= Kleptocracy tour =

Tour of urban properties used for money-laundering by corrupt governments

Kleptocracy tour refers to tours of cities where financial flows from kleptocracies are being used to purchase residential property as a means of money-laundering.

The concept was founded by anti-corruption campaigners, started in London in February, 2016 and was modelled on the 'Beverly Hills-type tours of the homes of the stars'. The first tour focussed on properties owned by Russian, Ukrainian and Kazakh klepto-oligarchs congruent with the founders original area of expertise and awareness. The tour garnered widespread press coverage and sparked strong interest in subsequent tours in London and abroad.

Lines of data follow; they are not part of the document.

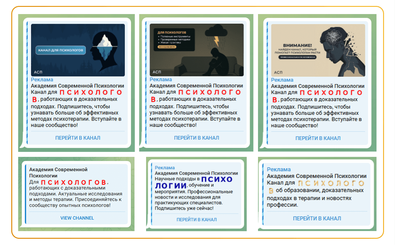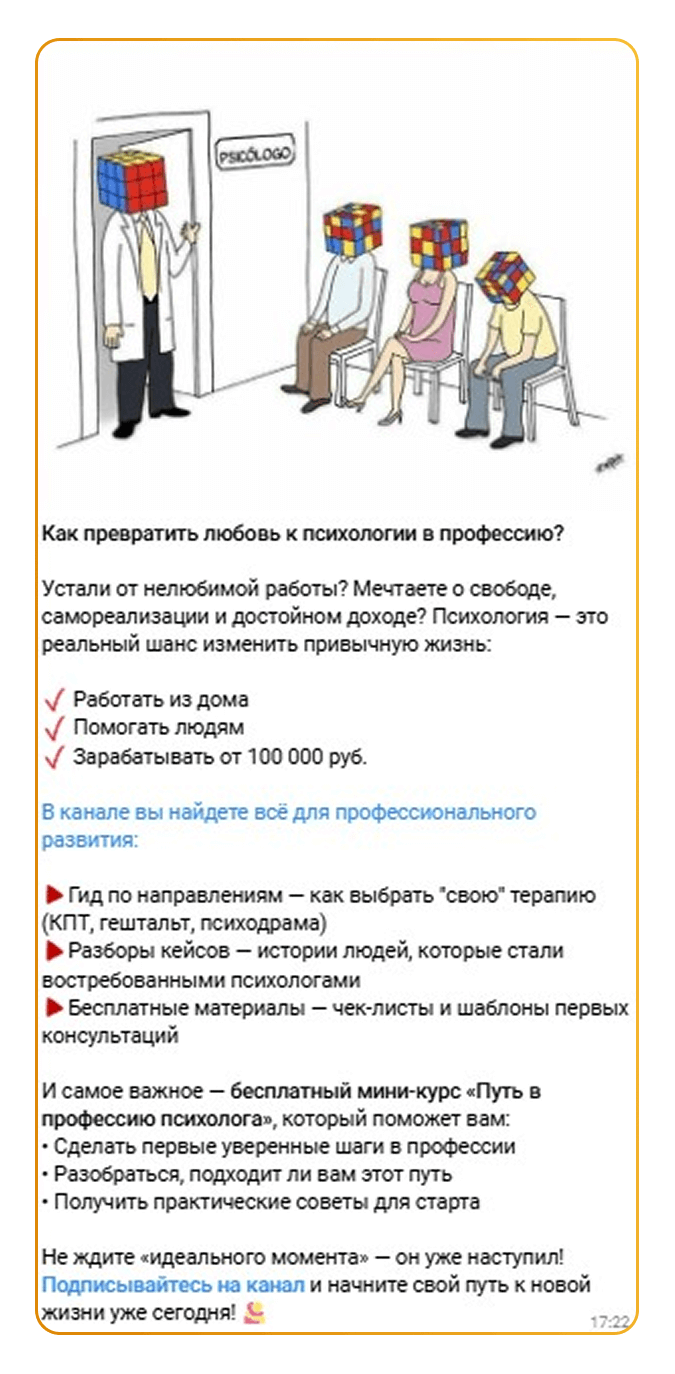 Каналы с полезным контентом по психологии — там собраны люди, которые регулярно интересуются темой, читают разборы, изучают методики. Мы рассчитывали, что такие подписчики будут открыты к углублённому обучению.
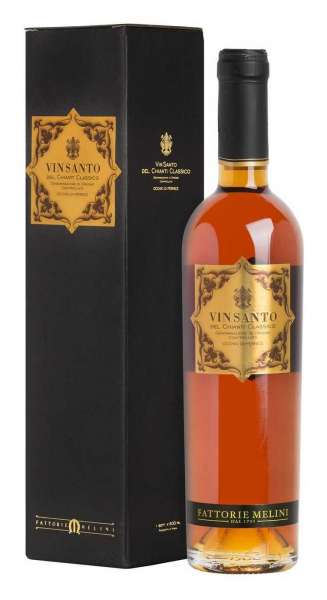 Vin Santo del Chianti Fattorie Melini cl 375 al naso ricco e concentrato con sentori di frutta rossa candita sapore pieno armonico estremamente fine e bilanciato ottimo da meditazione ed anche con la pasticceria secca
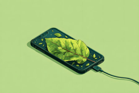A sleek smartphone stands upright against a bright green backdrop, showcasing a wallpaper filled with various green leaves. This composition conveys a fresh, natural vibe.
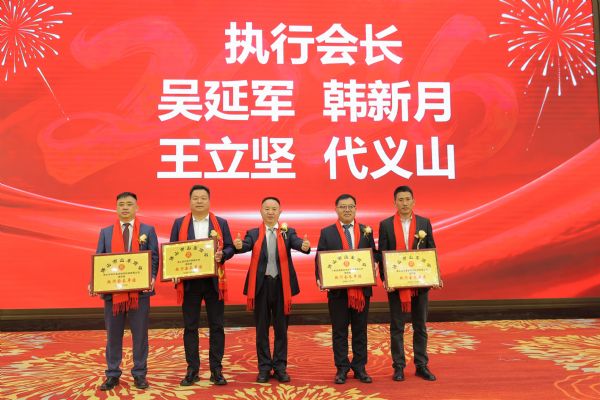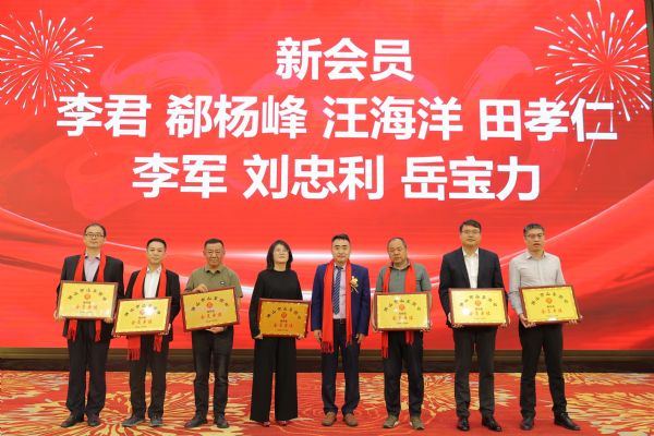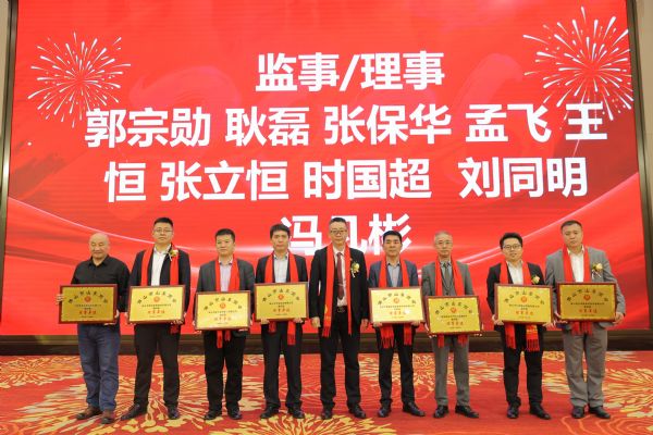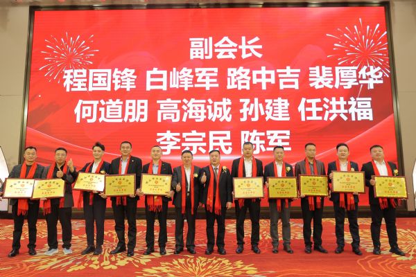 ▲何扶华会长依次为监事长、秘书长、执行会长等新一届理事会、监事会成员授牌

The tours began in early February 2016, after the campaign for a public registry documenting the ultimate beneficial owners of London's offshore companies was rejected. They are organised by the campaign group ClampK which highlights both the local economic distortions caused by these capital inflows and the implicit corruption implied by facilitating this money-laundering by foreign kleptocrats. The tour is planned for expansion in Miami and New York City.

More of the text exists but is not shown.